Rebeca descubrió que era su verdadera vocación cuando se dio la oportunidad de explorar el camino y se convenció de que era su pasión cuando vio resultados, pero sobre todo cuando sintió el enorme placer de estar en el escenario.  «Hay una pregunta que siempre me hago, aunque suene fatalista ¿Qué es lo peor que puede pasar? No hay nada que perder y mucho que ganar, ser valientes, atreverse y hacer todo lo que está en tus manos. Todo pasa por algo desde la sabiduría universal y si no llegaste a esa meta no significa que no encontrarás algo mejor», nos cuenta.

Para la soprano la vida consiste en encontrar lo que se puede ganar de una experiencia y entre esas ganancias está en no quedarte con las ganas, con lo que hubiera podido pasar, así que ella hace una clara invitación a explorar el camino que te llama, a atreverse y a probar algo que solo desde la experiencia te dirá si es o no tu camino.  

«Mi vida como madre tiene una pieza clave, mi pareja de vida ya que gracias a que llegó a mí la ópera también llegó y cuando me dieron el contrato en Europa, conté con todo su apoyo y desde que decidimos formar una familia estábamos conscientes que éramos importantes como individuos, como familia y como proyecto familiar», nos dice RebecaPara ella, el apoyo fue crucial en la toma de decisiones, se requiere de un soporte que valide tus esfuerzos y que crea en tus proyectos para que también exista esa contención de equipo que en su caso le ayuda a cumplir con sus compromisos, su proyecto familiar, personal y profesional. 

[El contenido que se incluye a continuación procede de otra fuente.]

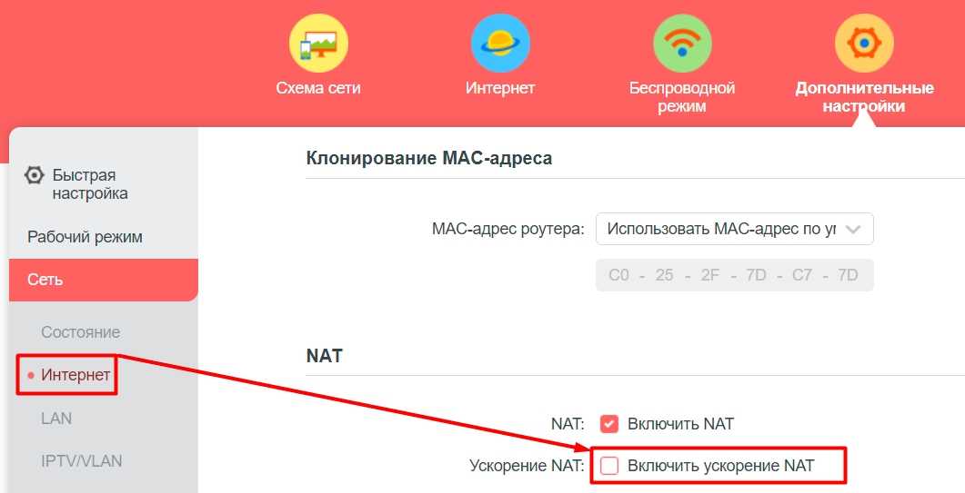 На странице расширенных настроек роутера на вкладке «Сеть» нажмите WAN.
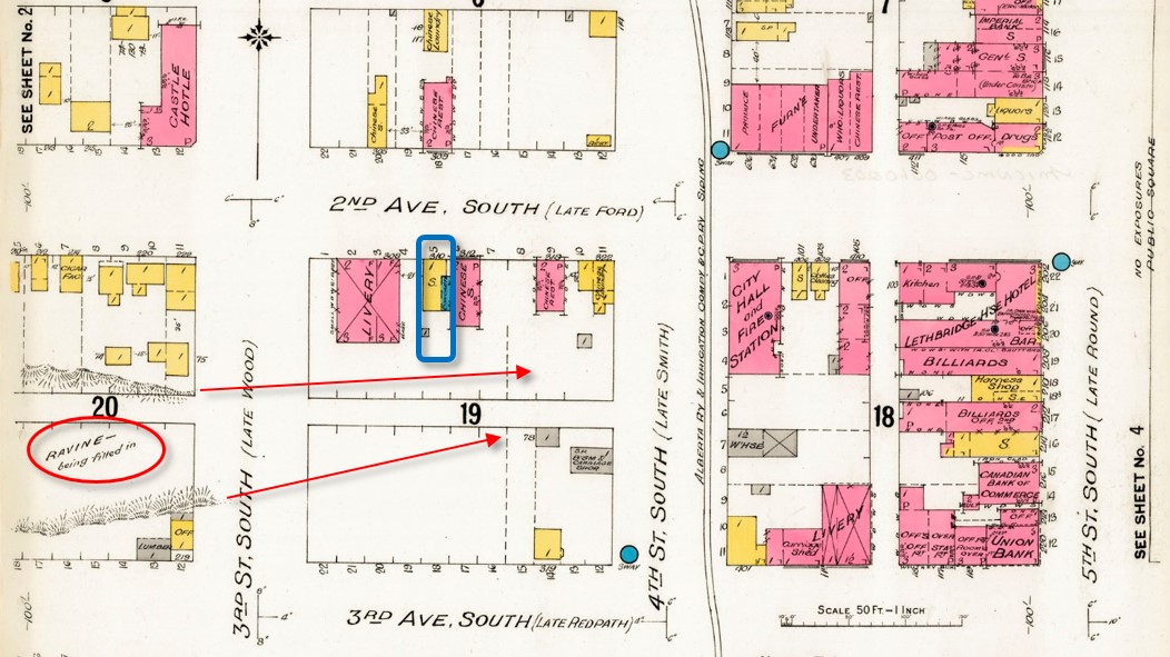 A fire insurance map of 1910 predates the construction of the Chinese Free Masons Building on Block 19 Lot 5 (blue outline) but notes infilling of the ravine or coulee (circle at lower left). Arrows indicate the original extent of the coulee eastward through Block 19. Source: Library and Archives Canada, with added annotations.

El recorrido le ha enseñado que todo pasa por algo y nos asegura que «el trabajo que haces no es trabajo perdido, aunque no obtengas lo que querías en ese momento ya que casi siempre algo mejor viene. Todos estos pequeños fracasos y victorias me han traído a la situación de éxito en la que me encuentro», nos asegura.

«Todo es posible siempre y cuando hagas todo lo que esté en tus manos, todo pasa por algo y no hay límites», esa ha sido la filosofía con la que se ha acompañado a sí misma todos estos años esta talentosa poblana que nos asegura que «al final tú decides a que voz hacerle caso, y aventarte a lo que te causa una chispa interior y por lo que vale la pena arriesgarse y probar… valía la pena experimentarlo al menos para quitarme la duda. Si topaba con pared ya lo intenté y no me quedé con las ganas».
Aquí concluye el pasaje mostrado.